Files
GPU-Recource-Manager-and-pr…/README.md
T
mrmarcus007 1e2567fd59 first commit
2025-11-10 16:02:57 +01:00

7.6 KiB
Raw Blame History

GPU Resource Manager & Proxy for Ollama

A smart GPU-aware proxy for Proxmox VE that dynamically manages GPU resources between Ollama and GPU-intensive background processes.


Overview

The GPU Resource Manager & Proxy for Ollama is a lightweight Python service that sits between your applications and the Ollama server. It intelligently supervises NVIDIA GPU usage on Proxmox VE hosts and ensures that GPU-intensive background tasks (e.g. mining) are temporarily suspended whenever Ollama requires GPU power.

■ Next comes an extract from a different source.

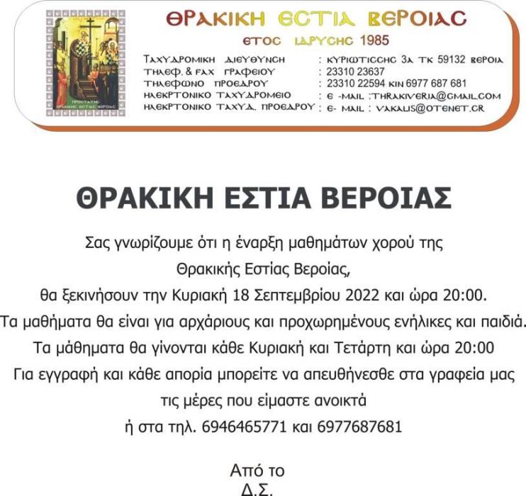 Βέροια Εκδηλώσεις Ξεκινούν τα μαθήματα χορού στη Θρακική Εστία Βέροιας Faretra.info 14/09/2022, 11:35 Share on Facebook Share on Twitter Send with mail Φαρέτρα Θρακική Εστία Βέροιας Χορός ΣΧΕΤΙΚΑ ΑΡΘΡΑ Δεν υπάρχουν σχετικά άρθρα.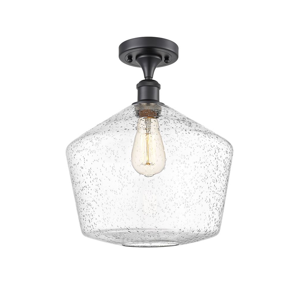This 1-LT Semi-Flush Mount from Innovations has a finish of Matte Black and fits in well with any Nautical style decor.

This enables smooth coexistence of AI workloads and other GPU idle tasks on the same host.


Features

🔍 Intelligent GPU Monitoring

  • Detects GPU usage patterns and active processes via nvidia-smi.
  • Differentiates essential system processes from idle GPU workloads.

⚙️ Dynamic Resource Allocation

  • Automatically pauses idle/non-critical GPU processes when Ollama becomes active.
  • Automatically resumes them after configurable inactivity timeouts.

🗓️ Scheduled Blackout Window

  • By Default Automatically stops idle GPU processes between 2:15 AM 3:30 AM for maintenance.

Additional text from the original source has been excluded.